Studio album by Hellogoodbye
- Released: November 9, 2010
- Genres: Folk, indie rock, folk pop, power pop
- Length: 35:38
- Label: Wasted Summer
- Producer: Forrest Kline

Hellogoodbye chronology
| Zombies! Aliens! Vampires! Dinosaurs! (2006) | Would It Kill You? (2010) | Everything Is Debatable (2013) |

Singles from Would It Kill You?
- "When We First Met" Released: June 22, 2010;

= Would It Kill You? =

2010 album by Hellogoodbye

Would It Kill You? is the second studio album by Hellogoodbye. It was released on November 9, 2010. "When We First Met", the album's lead single, was released for free download on September 5, 2009. The album was produced by Forrest Kline, the frontman for the group.

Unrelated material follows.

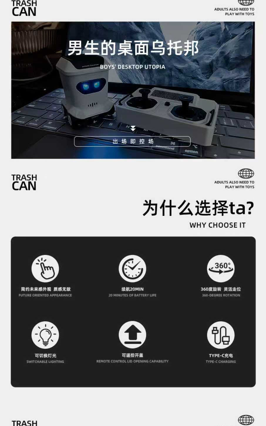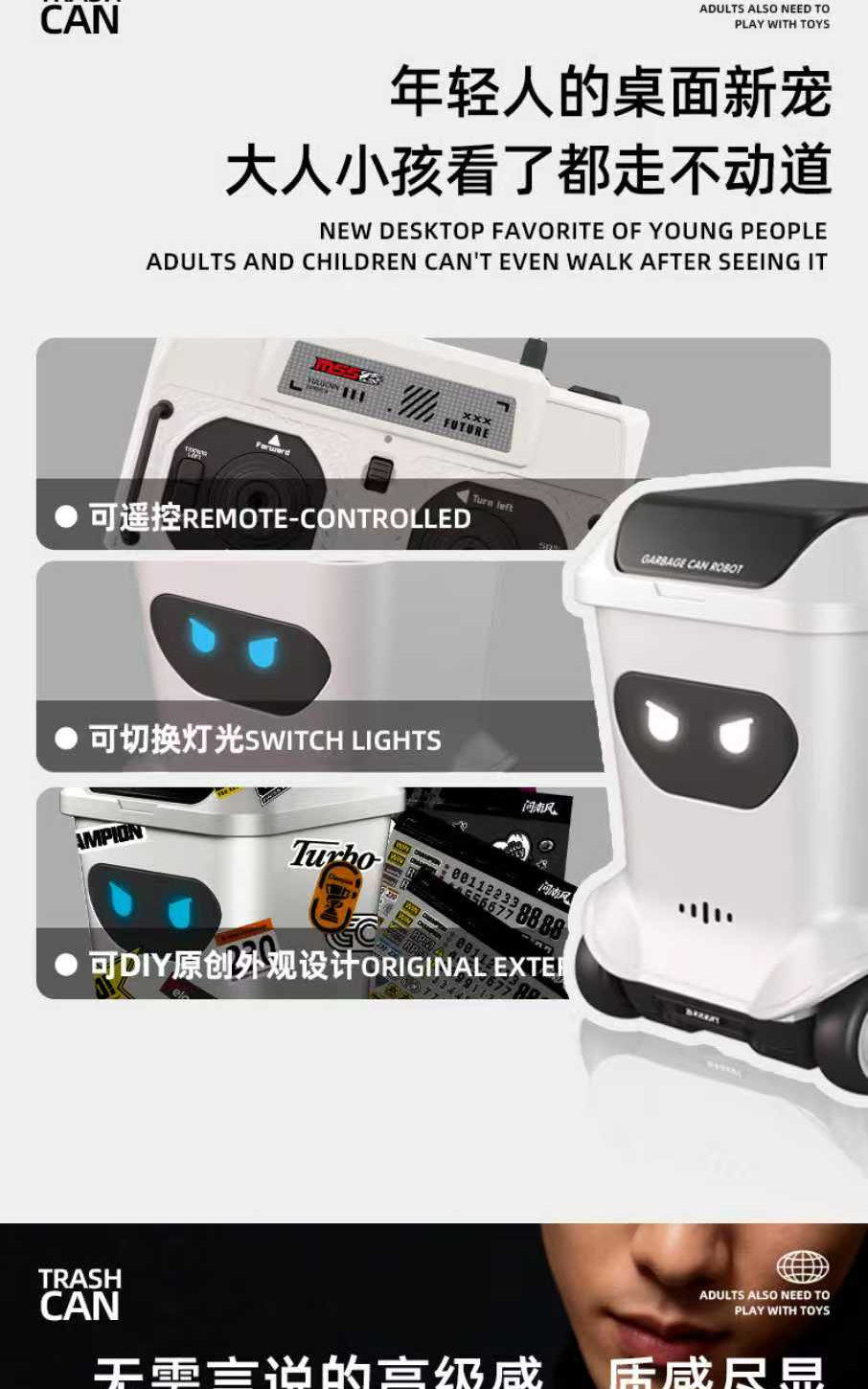 垃圾桶机器人生日礼物男生男朋友男孩实用创意解压桌面遥控小玩具

Would It Kill You? was released four years after the band's break-through record Zombies! Aliens! Vampires! Dinosaurs!; the delay was largely due to a lawsuit between the band and its then-current label Drive-Thru Records. Once the lawsuit was settled, the Hellogoodbye was released from their contract and released Would It Kill You? independently. Musically, the album features heavy use of real instruments, in contrast to the band's previous efforts, which relied on computerized effects like auto-tune, and keyboards. Lyrically, the album delves into many issues surrounding romance.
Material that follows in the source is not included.